### YOUR ASSIGNMENT:
Transcribe the entries below word for word, beginning at the line with "Marc Fisher Heeled" and stopping after the line with "In unmittelbarer Nähe, etwa"; drop all pictures.

### DATASET:
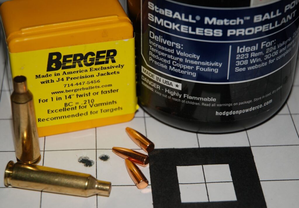 | Berger 52-grain Varmint Match | Varget | Hornady | 3,477 | .930 |
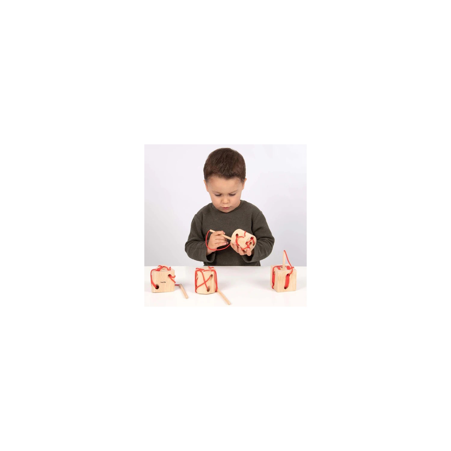 Las formas de enhebrar de madera ayudarán a su hijo a concentrarse en este desafío de enhebrado, desarrollando su destreza manual y coordinación mano-ojo mientras entrelazan el hilo dentro y fuera de los agujeros del bloque de madera.
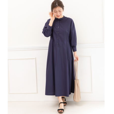 無地のバンドカラーワンピース。大人女性にぴったりのきれいめでちょっぴりカジュアルでエレガントなアイテム。
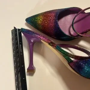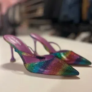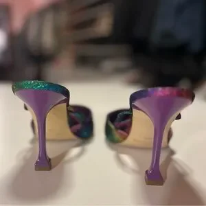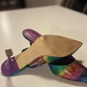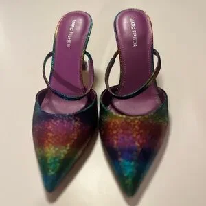 Marc Fisher Heeled Mules Sandals Pointed Toe Metallic Rainbow Colors 9.5M Hadais
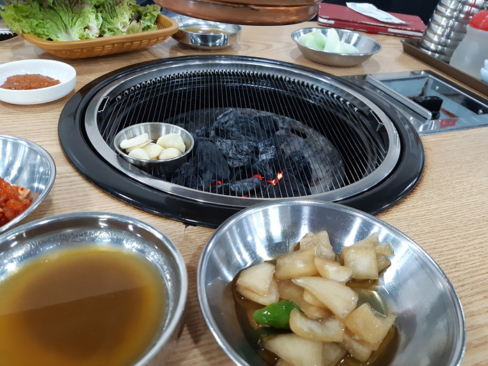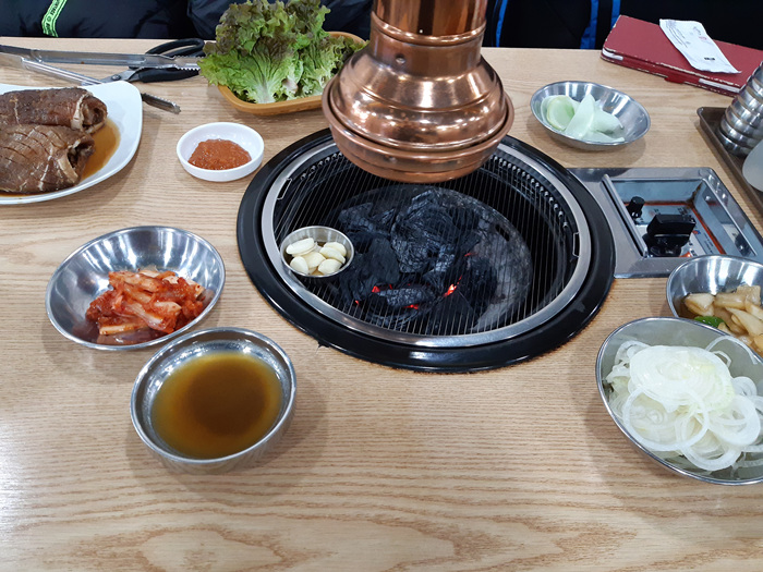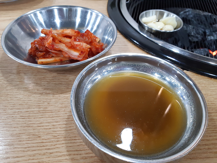 고기를 주문하면 기본세팅은 해 줍니다. 그리고 필요한 것이 있으면 셀프로 갖다 먹으면 됩니다. 우린 고기와 같이 먹기 위해 이집에서 유명하다고 하는 냉면 한 그릇을 주문했습니다.
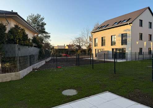 In unmittelbarer Nähe, etwa fünf Gehminuten entfernt, befindet sich ein Supermarkt, der den täglichen Bedarf mühelos deckt. Dieser liegt in einem harmonischen Umfeld, das sowohl mit Spielplätzen als auch mit kleinen Parkanlagen punktet, was es insbesondere für Familien mit Kindern attraktiv macht. Mehrere Spielplätze sind innerhalb weniger Minuten erreichbar und bieten den Kleinsten viel Raum für Abenteuer und Spiel.
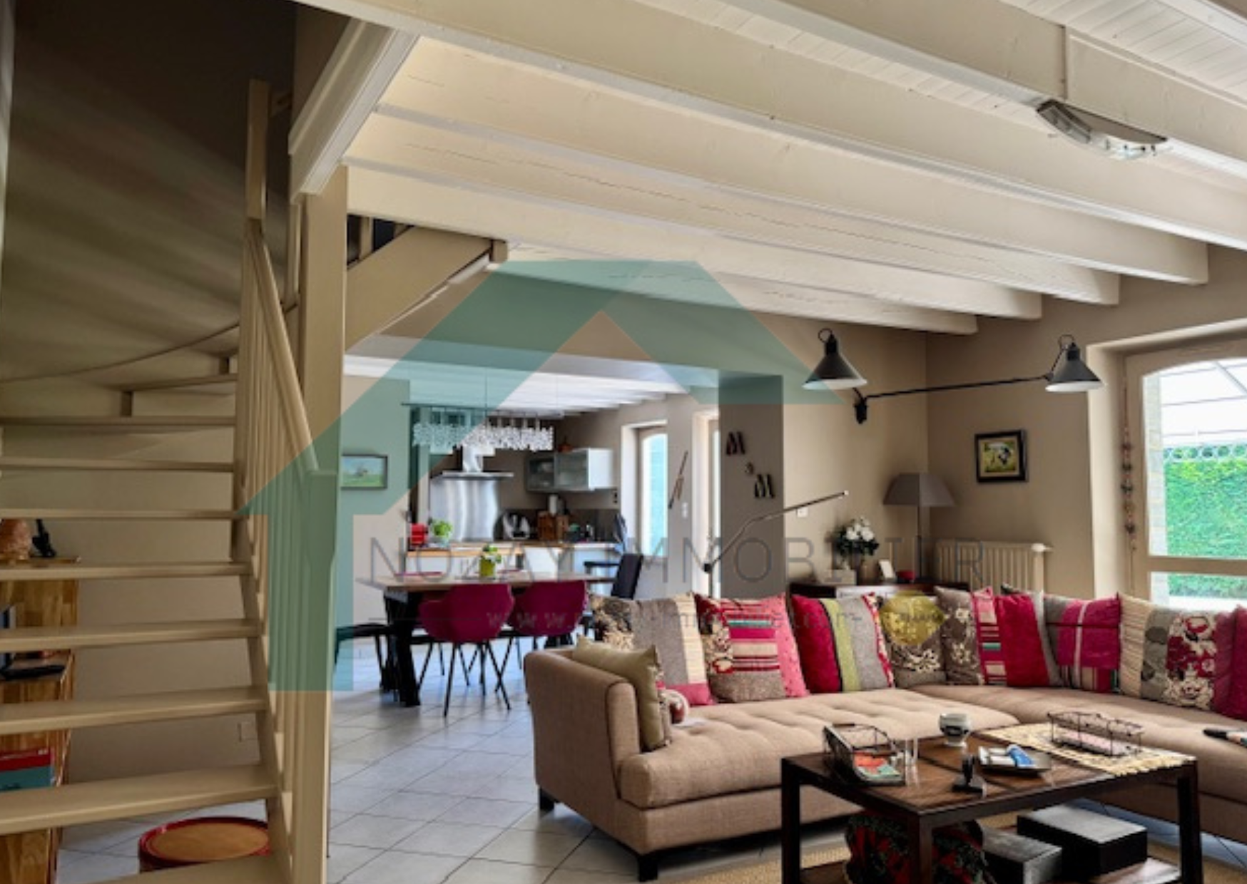 Très jolie propriété en campagne de NOZAY. Cette charmante maison en pierres est située dans un cadre calme et à l'abri des regards. Elle comprend de plain-pied une entrée, une grande pièce de vie lumineuse avec cuisine aménagée et équipée (insert), Une suite parentale (chambre, salle d'eau et wc), un bureau ou chambre de 18 m2. À l'étage, un palier desservant 2 chambres et un bureau, une salle de bains et wc. A l'extérieur vous trouverez une dépendances en pierres avec une salle de jeux aménagée. Un garage avec grenier, un carport. Une cave et une buanderie. Un jardin paysagé avec piscine chauffée, Une grande terrasse avec pergola (plein sud).
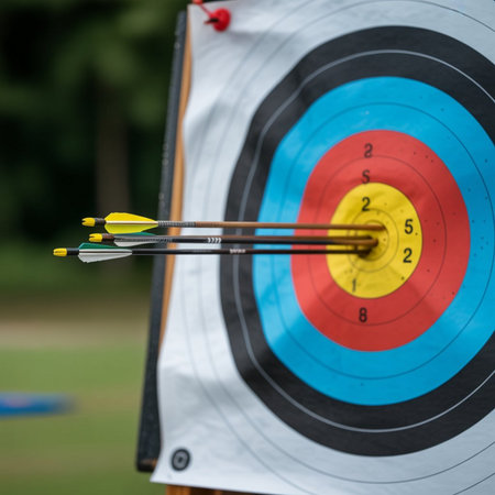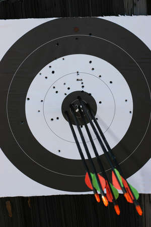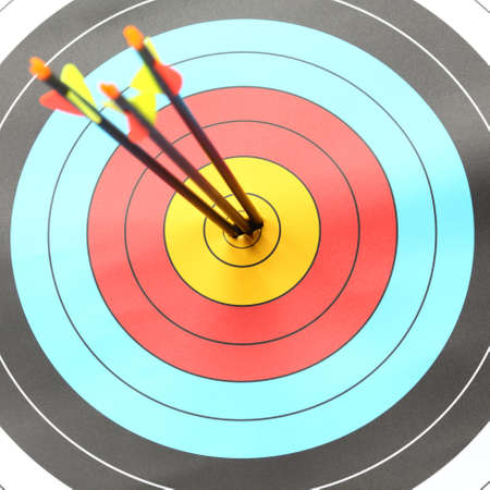 Archery arrows hitting the center of a target, close-up

### RESPONSE:
 Marc Fisher Heeled Mules Sandals Pointed Toe Metallic Rainbow Colors 9.5M Hadais
 고기를 주문하면 기본세팅은 해 줍니다. 그리고 필요한 것이 있으면 셀프로 갖다 먹으면 됩니다. 우린 고기와 같이 먹기 위해 이집에서 유명하다고 하는 냉면 한 그릇을 주문했습니다.
 In unmittelbarer Nähe, etwa fünf Gehminuten entfernt, befindet sich ein Supermarkt, der den täglichen Bedarf mühelos deckt. Dieser liegt in einem harmonischen Umfeld, das sowohl mit Spielplätzen als auch mit kleinen Parkanlagen punktet, was es insbesondere für Familien mit Kindern attraktiv macht. Mehrere Spielplätze sind innerhalb weniger Minuten erreichbar und bieten den Kleinsten viel Raum für Abenteuer und Spiel.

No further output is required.